Dr. D’Angio grew up in Brooklyn and Westchester County, New York. He attended Columbia University for his undergraduate degree and then Harvard Medical School, graduating in 1945. He spent a year at Boston Children’s Hospital before serving with the US Army Corps in Japan. After returning in 1948 to the US, he worked at the VA Hospital in West Roxbury, Massachusetts, and then began his radiology training at Boston City Hospital. In Boston, he worked in a lab with Sidney Farber, founder of the Children’s Cancer Research Foundation, the precursor to the Dana-Farber Cancer Institute. He held various teaching positions and was an associate research radiologist at Donner Lab at UC-Berkeley before coming to Penn as a professor of radiology. His primary appointment later changed to radiation therapy; he held secondary appointments in pediatrics and radiology. He was president of the Medical Faculty Senate, and he earned tenure in 1977 and received emeritus status in 1997.

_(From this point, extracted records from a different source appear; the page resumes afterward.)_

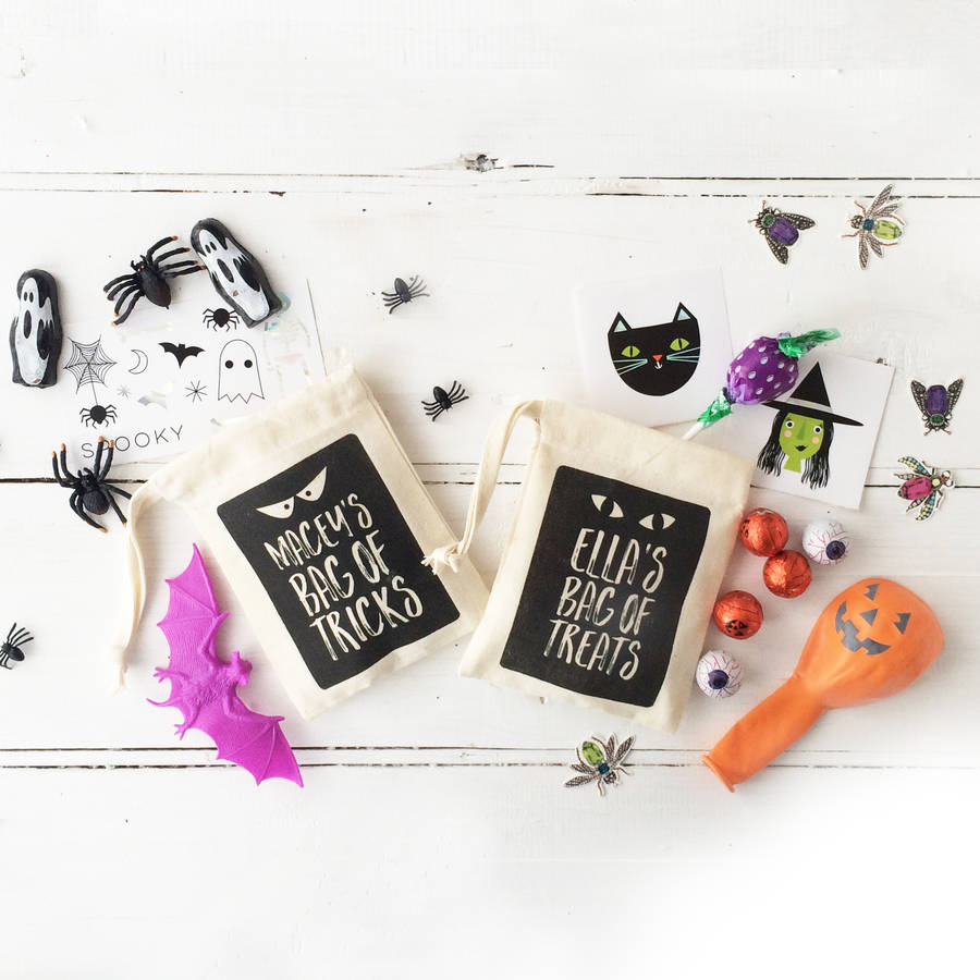 How to Make a Halloween Trick or Treat Bag - Insync-Ghosts.com To make the trick or treat bag more decorative, add some Halloween stickers or sprinkle some glitters after mixing this with some glue. You can also use this to write their name so no one will get it by mistake. Another way to make a treat or trick bag is to buy some fabric from the store and then sew it together.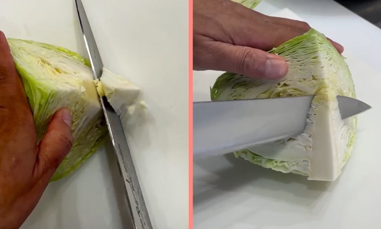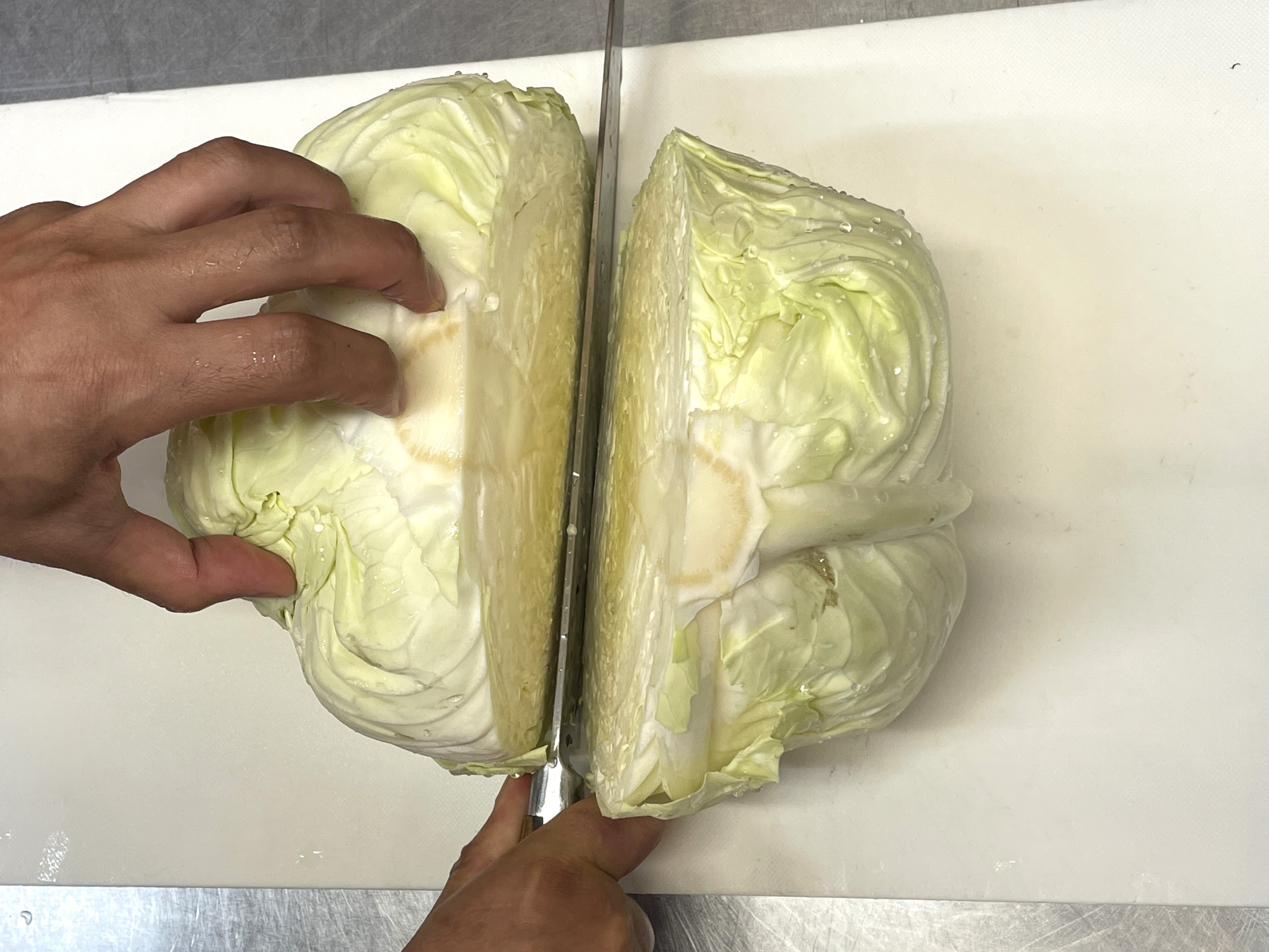 ⑤ キャベツを半回転させて包丁を入れ、3cmの角切りにします。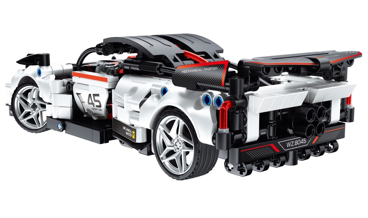 Klocki przedstawiają białą wyścigówkę, która po ułożeniu staje się pojazdem zdalnie sterowanym! Wystarczy sparować auto z pilotem znajdującym się w zestawie i można ruszać na wyścig!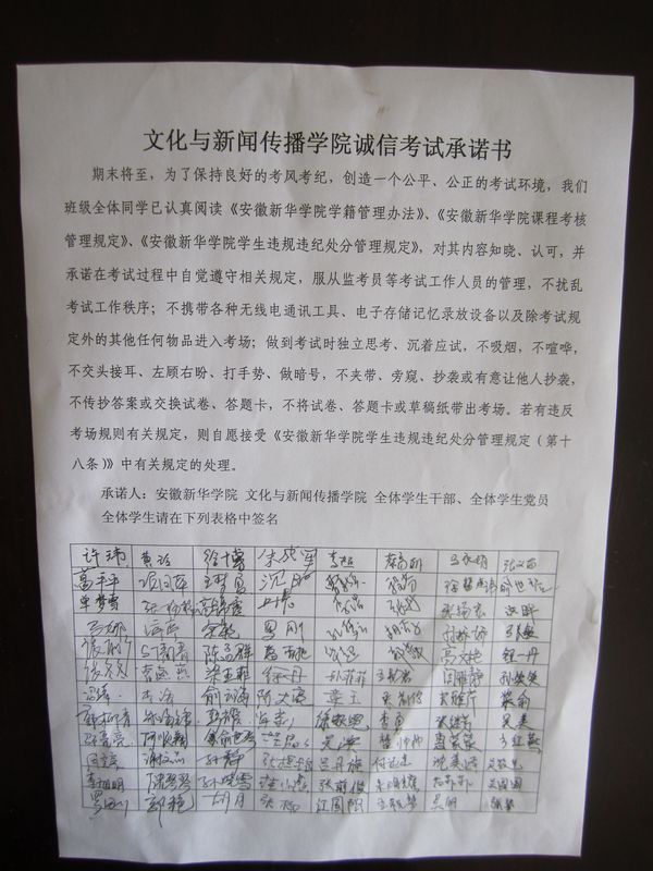 会上,全体学生宣誓承诺,严格遵守考风考纪,绝不作弊,认真复习,同时,每名学生亲自签署了文化与新闻传播学院诚信考试承诺书。之后,贺行佳作出要求,他提出:一、文化与新闻传播学院连续六年未发生一例考试作弊现象,同学们要继续保持优良的考试作风;二、各班级召开主题班会,承诺将覆盖到全院每一位同学,“承诺是形式,要服务于实施,根本在践行”;三、同学们会后收集全国优秀共产党员资料,创造良好的学习优秀典范的氛围,奖学习落实到现实生活,积极向党组织靠拢。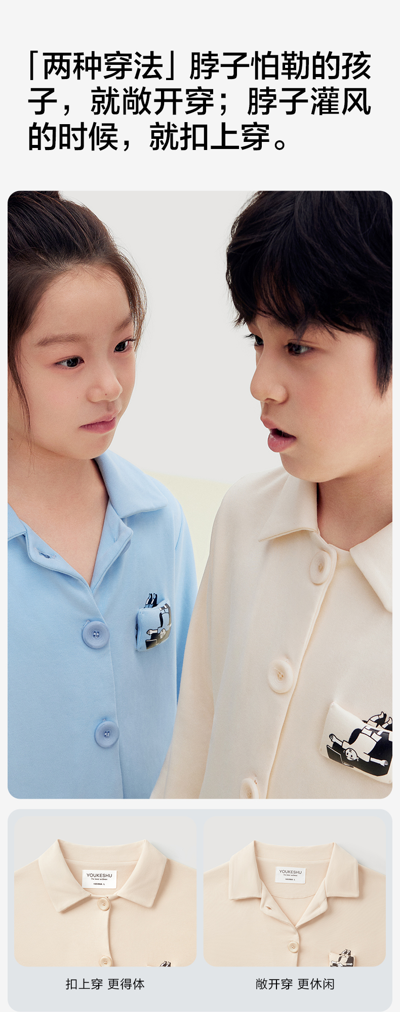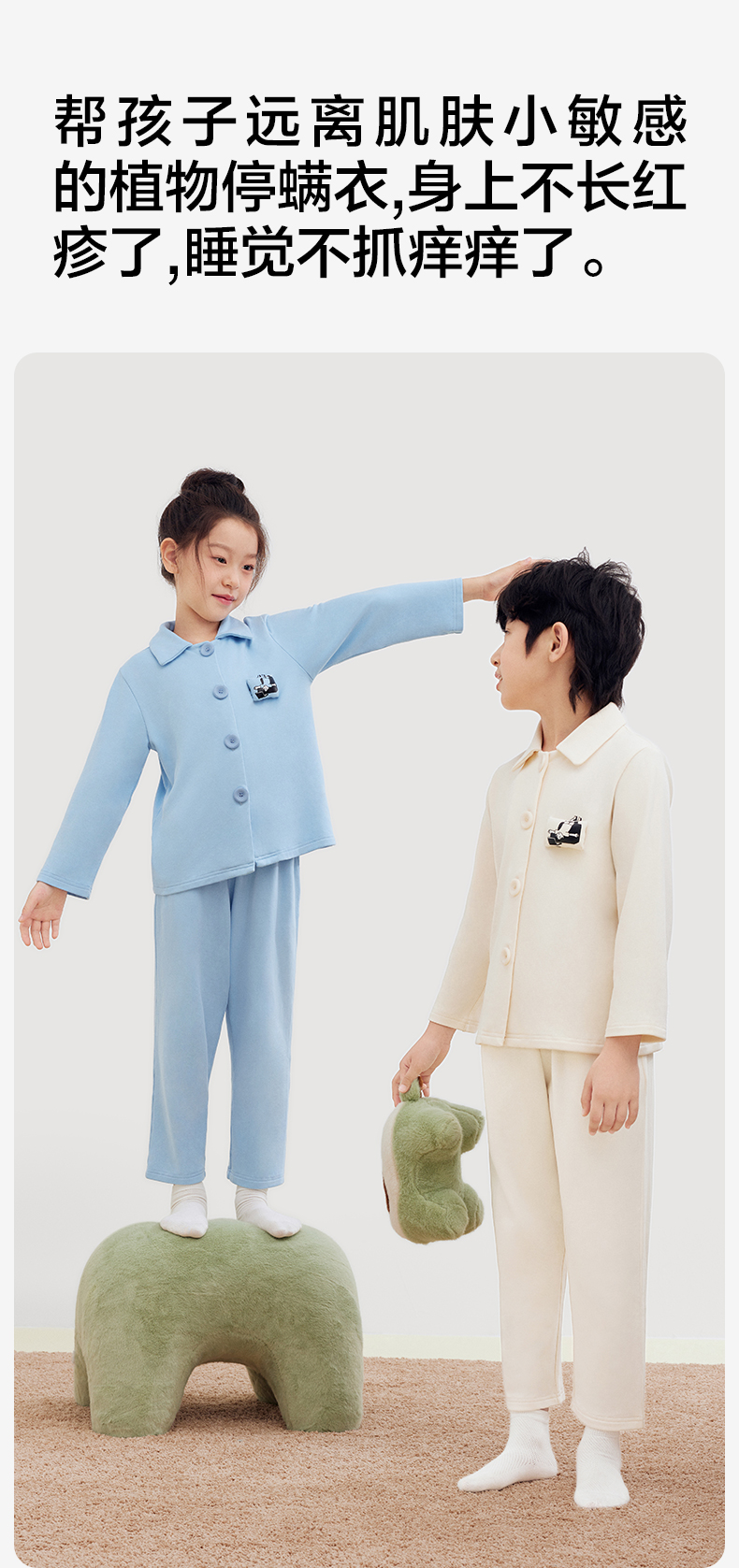 有棵树植物停螨衣翻领可外穿儿童家居服-CP1022

At CHOP, Dr. D’Angio served as director of the Children’s Cancer Center, where he built the foundation for the current “bench-to-bedside and back” research efforts used across the campus today. He was named a fellow of the American Society for Therapeutic Radiology and Oncology (ASTRO) (Almanac September 26, 2006). He served as the president of the International Society of Pediatric Oncology and chair of the National Wilms Tumor Study. He was the founder of the Late Effects Study Group, which ultimately led to the Office of Cancer Survivorship at the National Institutes of Health, as well as the Histiocyte Society, the Society for Pediatric Radiology, and the Paediatric Radiation Oncology Society. Dr. D’Angio wrote more than 500 articles, books, book chapters, editorials and commentaries. The Giulio D’Angio Chair in Neuroblastoma Research at CHOP was established in his honor.

He was among the first to think of combining different cancer treatments. He changed how Wilms’ tumor, a cancer of the kidneys, was treated, and the survival rate during his career rose from 40 to 90 percent. He also recognized the harmful effects of radiation therapy on young children and organized the first randomized clinical trial that eliminated this curative but harmful modality. Working with Dr. C. Everett Koop, they described the remarkable spontaneous regression of an identifiable subset of neuroblastoma in infants and together developed a staging system that is largely the one used today. His work has helped children with leukemia, medulloblastoma and neuroblastoma. He was an early champion of total care, or looking out for a child’s overall needs.

Dr. D’Angio’s first wife, Jean Terhune D’Angio, died in 2004. In 2005, he married his long-time colleague, Audrey Evans. Dr. D’Angio is survived by his wife; brother, Carl J.; sons, Carl (Donna) and Peter (Greg); grandchildren, Sara D’Angio White (Andrew) and Rachel; and great-grandchildren, Margaret and Charles D’Angio White.